I propose a new PROPERTIES token for "binary" to indicate a package contains some binary elements and is not built from source. Users ask quite frequently if there's a way to mask all "-bin" packages. But not all packages solely available as a binary have a -bin suffix in their package name. For example, www-client/microsoft-edge does not have a -bin suffix. Typically, a package will only have a -bin suffix if there's a prospect of one day it being built from source. Licencing is not an accurate proxy for this either, as for example dev-lang/ghc is FOSS, but a binary is needed to install it, which requires trusting the provider of that binary (which may be a 3rd party like upstream, or a Gentoo developer, or ...). Such a token would allow users to set ACCEPT_PROPERTIES="-binary" in make.conf if they are uncomfortable with blobs in general. In addition to licencing & purity concerns, the PROPERTIES token will be useful for identifying packages which need special care in porting to new architectures or platforms.

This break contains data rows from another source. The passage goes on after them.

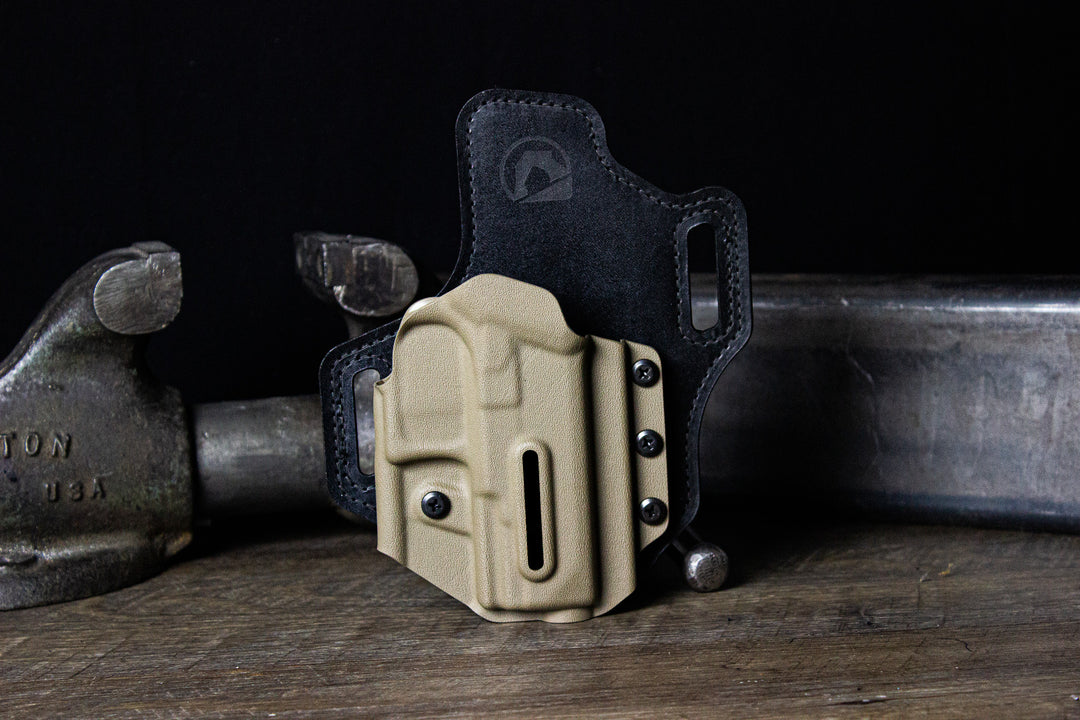 Our flagship holster, the Protos-M, is the result of countless hours of design, prototyping and testing resulting in the best hybrid holster on the market today. Our patented ¾ hybrid shell gives the perfect blend of adjustable, repeatable and safe retention usually reserved for full Kydex holsters. With Kydex wrapping the trigger guard you never have to worry about the backer collapsing in on itself, making it safer than traditional hybrids.
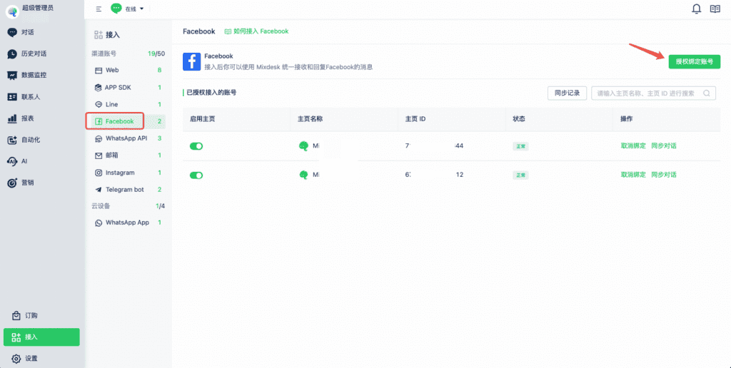 登陆Mixdesk系统后,在左侧导航栏点击「接入」,在选项中选择「Facebook」渠道,点击右上角的「授权绑定账号」
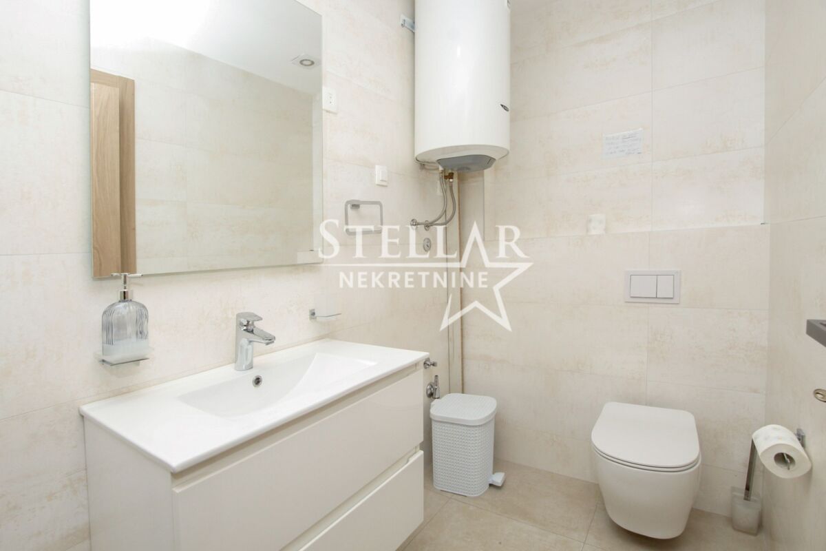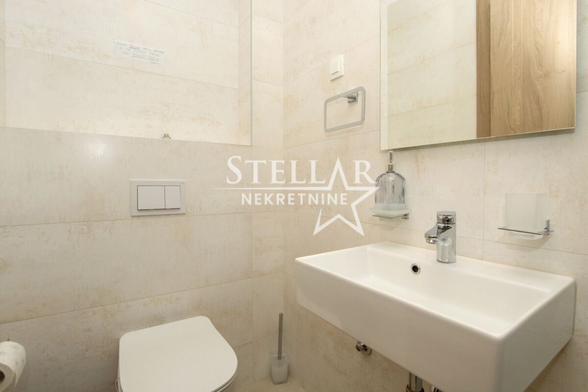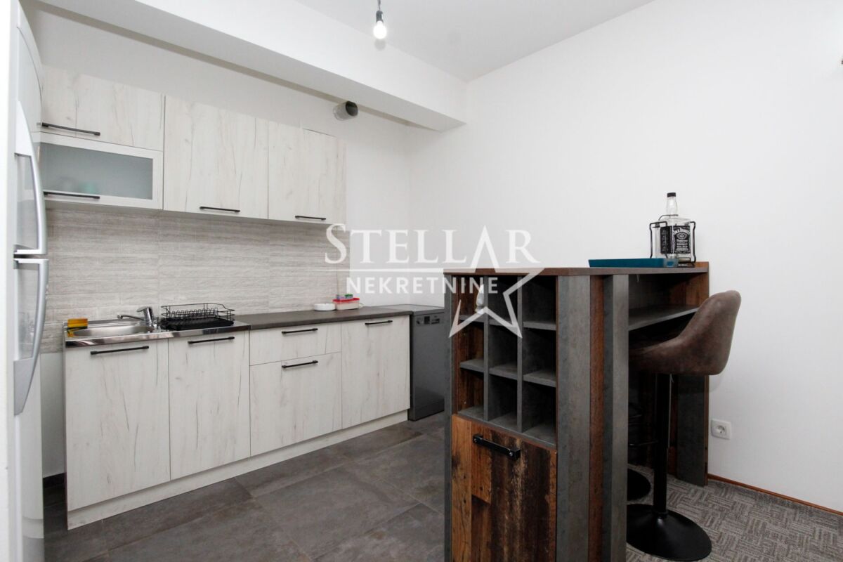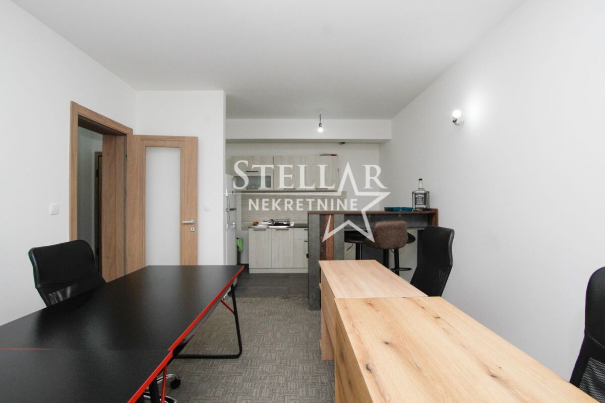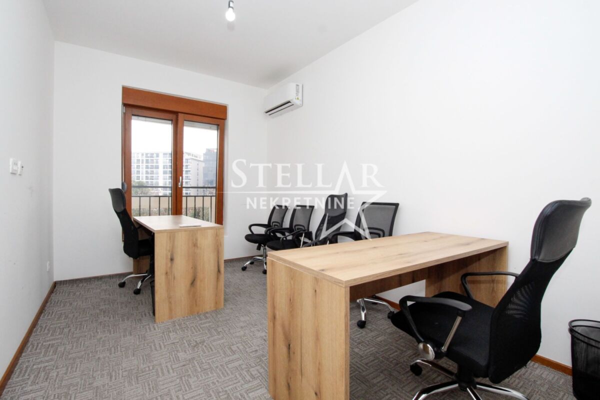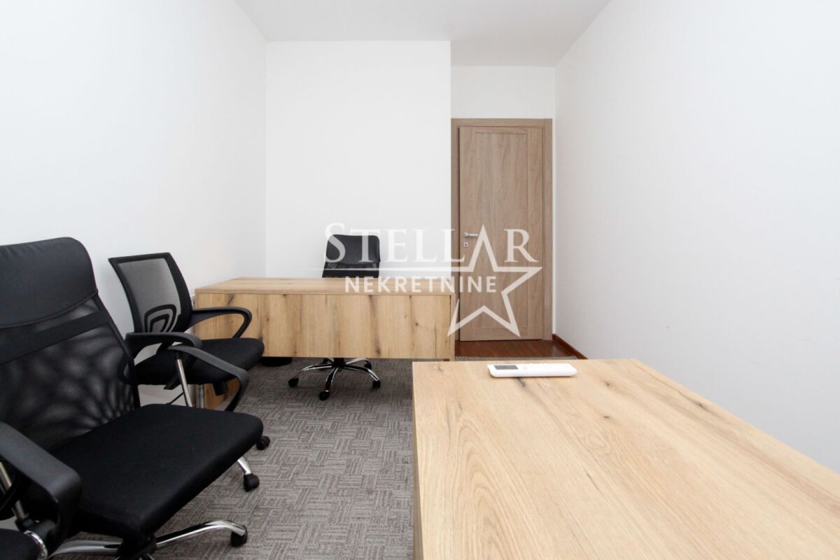 A commercial space (two-bedroom apartment) is for rent on the second floor in Master kvart. The space is fully equipped with office furniture and a kitchenette with a refrigerator and a dishwasher. The offices are air-conditioned with 3 air conditioning units, and the largest room has access to a balcony overlooking Central point and Atlas Capital. The space has two bathrooms and a spacious hallway. Master kvart is a new neighborhood, and it can be said that it has taken on a business spirit. Many apartments are offices, there are commercial spaces on the ground floor, and the neighbors are also very "developed" neighborhoods around the Big fashion shopping center. It is rented for a longer period with a mandatory deposit. Property ID M712 +382 69 618 445
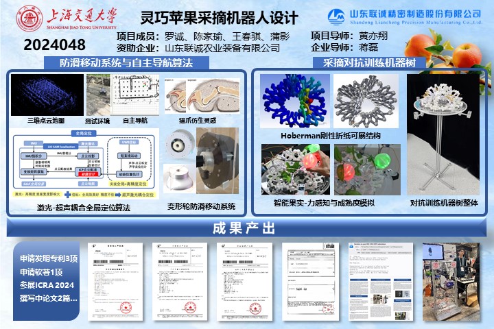 本项目完成了采摘机械臂的设计与控制、移动系统自主精准导航、采摘识别与机械臂路径规划、对抗训练机器树的设计与制造。本项目设计的灵巧苹果采摘机器人系统,可以完成快速无损的苹果采摘作业,在无人化果园中具有广阔的应用前景。本项目设计的对抗训练机器树,可以对采摘作业质量进行标准化分级评价,在采摘机器人研发领域也有着广阔的应用前景。本项目目前已申请国家发明专利3项、软件著作权1项,本项目设计的机械臂已参展2024 IEEE ICRA会议,另有两篇论文正在撰写中。
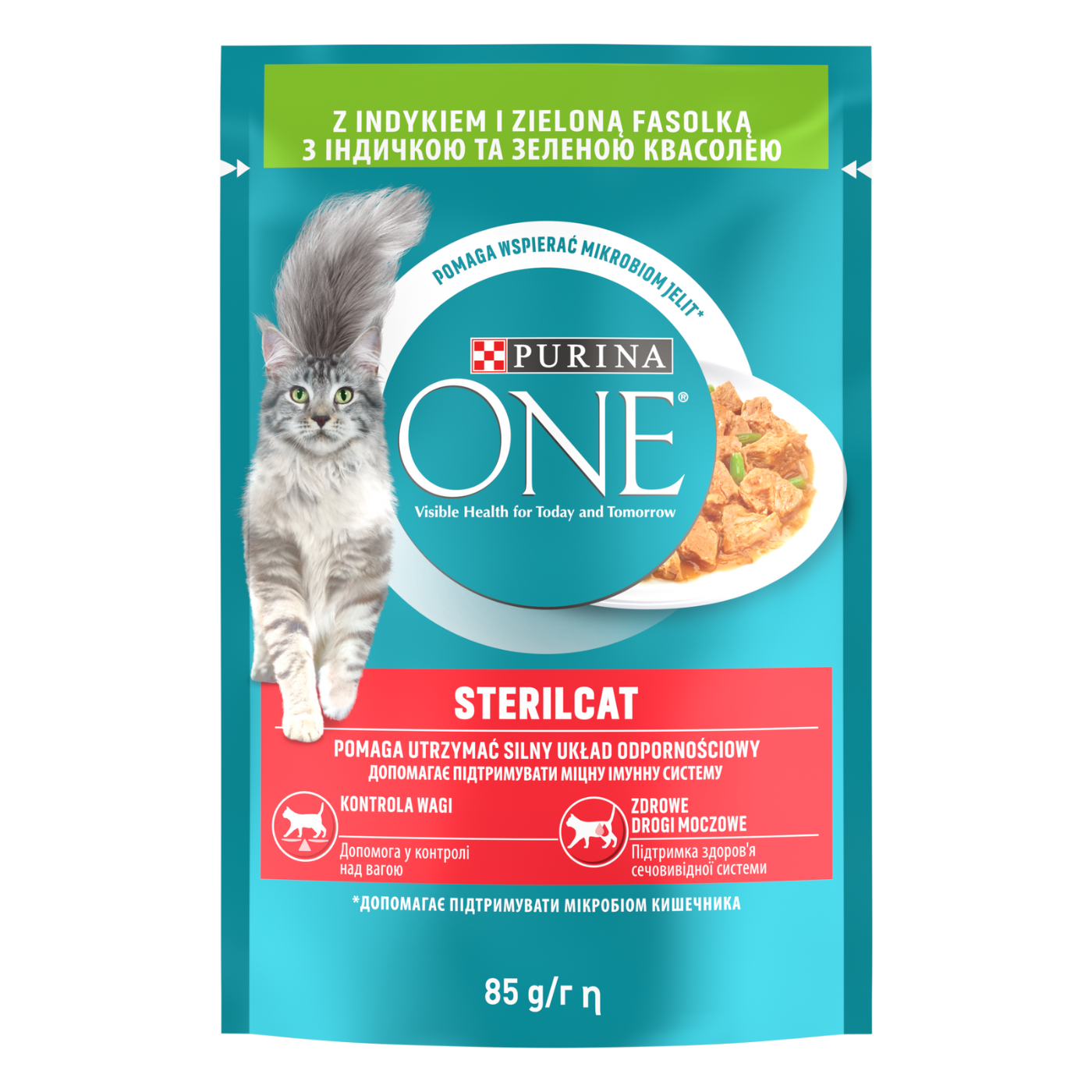 Purina One Sterilcat z indykiem i zieloną fasolką to połączenie lekkości, smaku i korzyści zdrowotnych, które wspierają witalność i dobre samopoczucie dorosłych kotów po sterylizacji.

Two more remarks: * I think this is essentially following the same path as with live ebuilds where we realised 9999* is not a very good classifier and invented PROPERTIES="live" eventually. * Ionen noted the link w/ QA_PREBUILT which is a fair point. Aim for PROPERTIES="binary" would be to include if the build process requires a binary blob, even if it's not then installed (ghc, sbcl, rust if not USE=system-bootstrap). Given the primary motivation for this is allowing people to check for purity of packages, my expectation is that we'd use this for tainting if a package contains any non-optional blobs, but that's more of a policy discussion I suppose rather than something for the PMS side.
How would this affect the operation of the package manager?
See also previous discussion: https://archives.gentoo.org/gentoo-dev/message/25db0027e000ab6a85f8c2535a42f502 (which adds an additional "upstream" vs "gentoo" qualification, not sure if we would need that?) Alternative approach, antarus's package tags: https://wiki.gentoo.org/wiki/User:Antarus/Package_Tags
(In reply to Ulrich Müller from comment #2) > How would this affect the operation of the package manager? It'd let people exclude them as desired, or avoid making binpkgs of them as it's a waste of time (like bindist).